Finn: Auf jeden Fall! Ich liebe das Internet, und ich liebe Technologie! Der technische Fortschritt ist etwas sehr wichtiges für die Menschheit, und ich denke mal, dass viele Science-Fiction-Sachen durchaus bald Realität sein könnten. Vom Klonen halte ich allerdings nichts, denn schau dir die Menschen an, dann weisst du, dass das nur ein schlechtes Ende nehmen kann.
Es haben mich auch schon einige Amerikaner angesprochen, ob ich denn wüsste, was ich da den Protagonisten tuen lasse; eine Reise ins eigene Gehirn, das wäre ja gefährlich und vor allem moralisch verwerflich! (lacht)

Rouven: Last and least, wo siehst du Musik wie die von BEYOND TWILIGHT z.B. in zehn oder zwanzig Jahren?

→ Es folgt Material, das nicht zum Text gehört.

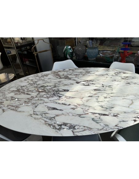 Cette table, conçue par Eero Saarinen en 1957, est un exemple parfait du mariage entre fonctionnalité et design élégant. Le plateau de 2 cm d’épaisseur en marbre Calacatta oro verde, avec un vernis polyester brillant et un chant biseauté, apporte une touche luxueuse. Le piètement en fonte d'aluminium, avec finition Rislan blanc, assure stabilité et modernité. Idéale pour accueillir environ 8 personnes, cette table est une pièce maîtresse pour toute salle à manger.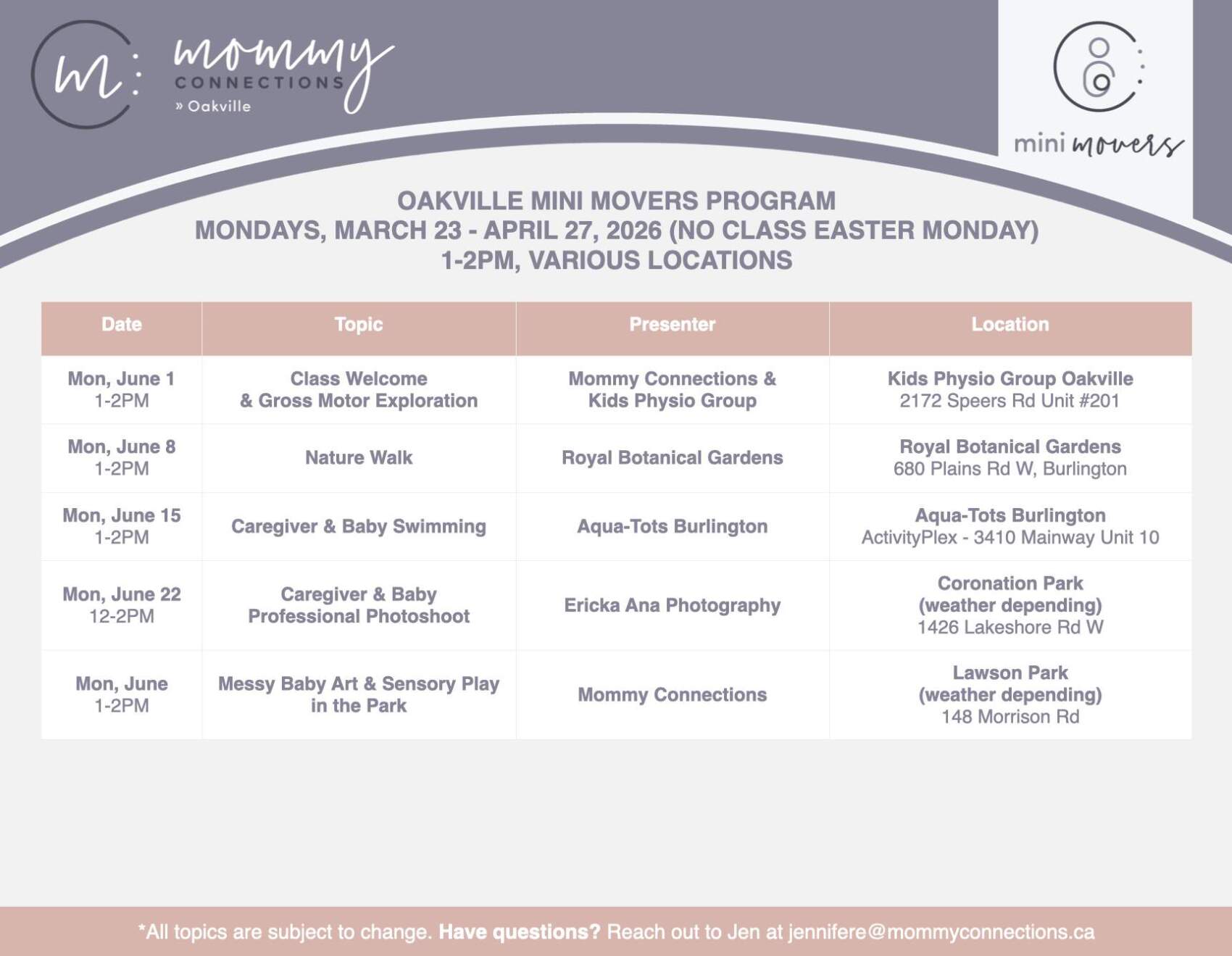 The days of chatting with other parents while your baby naps may be over – but it doesn’t mean the fun has to stop! Join our Mini Movers program taking place at various locations across Oakville.

Finn: Solche Musik, Musik mit der man sich beschäftigen muss, die Aussagekraft hat, wir immer weiterleben. Weil es immer Leute geben wird, die sich nicht irgendeine Musik aufdrücken lassen wollen und statt dessen lieber Thinking Man's-Musik machen oder hören. Momentan gibt es sowieso einen großen Umbruch auf dem Musikmarkt, die ganze Download-Sache lässt Musik zu Pay-Per-View verkommen, wenn Napster das realisiert, was sie vorhaben. Aber glücklichwerweise gibt es immer noch Anspruch...

Rouven: ...was auch hoffentlich so bleibt. Vielen Dank für das Interview!